Although, just so you don’t think that the above chestnut is the only form of nut people google to discover my blog, recent queries have included:

‘How to hoover woodlice.’ (I’ve referred that to Anthea)

‘Does everyone have a G-spot?’ No. And, as of the moment they turn the Large Hadron Collider on, no one will.

‘How do you to find a G-spot?’ OS maps are traditional, modern folk use Sat Nav, I advise thoroughly searching the entire body as it’s simply more entertaining that way. Whatever the method you use do it soon before they make the black hole. Not that black hole, include that one in your search.

‘What to do in the sauna?’ Not break your foot.

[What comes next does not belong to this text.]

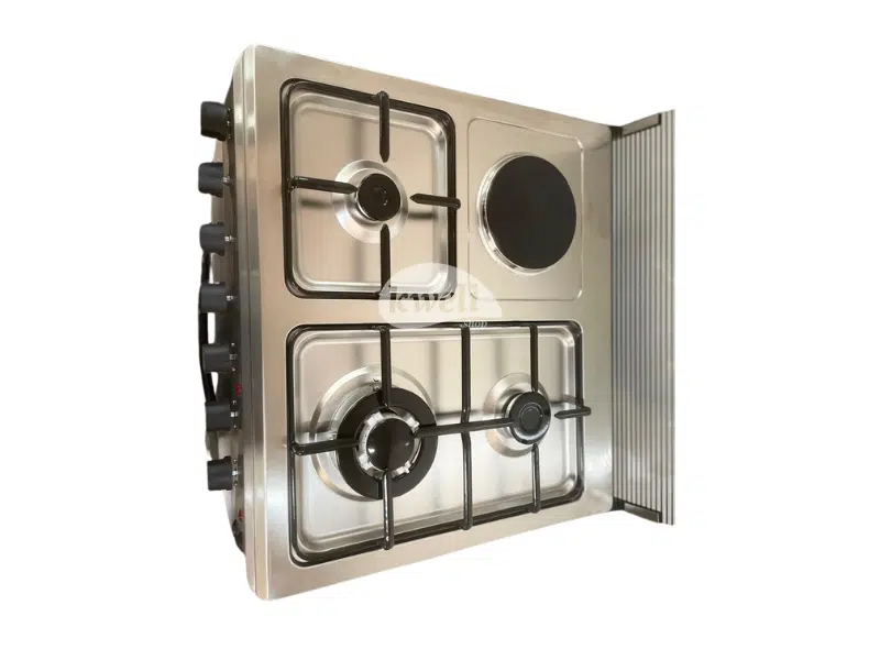 DR VOLT 60cm Gas & Electric Cooker IQ-FC6611SS 60cm freestanding stainless steel cooker — compact and durable 3 Sabaf gas burners (Ø130 + Ø100 + Ø70) with aluminium base and enameled caps 1 Electric hot plate (1.0kW) for added versatility Pulse ignition system for convenient lighting Enameled pan support for stability and easy cleaning 64-litre oven with thermostat, lamp, and rotisserie for professional results Dual oven heaters: Upper 900W + Lower 1200W Tempered glass cover and double-glazed oven door for safety and efficiency Heat-resistant knobs and painted black steel door handle Includes one baking pan and one electroplated rack Ideal for modern homes, apartments, and compact kitchens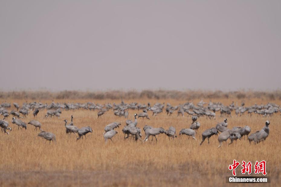 候鳥遷徙季:大批灰鶴聚集青海省都蘭縣

‘Morreau naked.’ If you really want to see me naked I’m on public view in the changing room of the gym most nights, on the book cover and if you require a private viewing please make an appointment. Reciprocosity expected/anticipated.

And, of course that old chestnut ‘How Can I Tell if a Man Fancies Me’.

The thing about superstition, as opposed to science, as a method of discovery is that it is a lot more straight forward.

Here are the top ten ways of discovering if a man fancies you using superstition alone:

1. If he crosses your path wearing black (especially black pyjamas, underwear, a black condom or a darkish colour negligee)
2. If he ties knots in his handkerchief, or his trousers look like they’ve got a large knotted handkerchief down them.
3. If he walks under a ladder carrying a penny that he’s just picked up (it also shows that he knows how to balance evil with good if that’s your sort of thing)
4. If he has a foot like a rabbit or a rabbit like a foot long.
5. If he is standing at the foot of a rainbow (a small warning here – leprechauns are infamously bad lovers)
6. If you see him shooting stars (again, a warning, if he is shooting very famous stars in a public place it really doesn’t bode well for a long-lasting relationship)
7. If he is 13
8. If he gets into the wrong, or even the right, side of your bed
9. If he itches your palm (or possible anywhere else)
10. If he breaks mirrors (of course you might not fancy him then)
11. If he knocks on wood (ok, wood fetishists may not be your cup of tea but at least he fancies something)
12. (my personal favourite) If he’s a chimney sweep and says ‘cor lurve, I really fancy you’ in a fake cockney accent.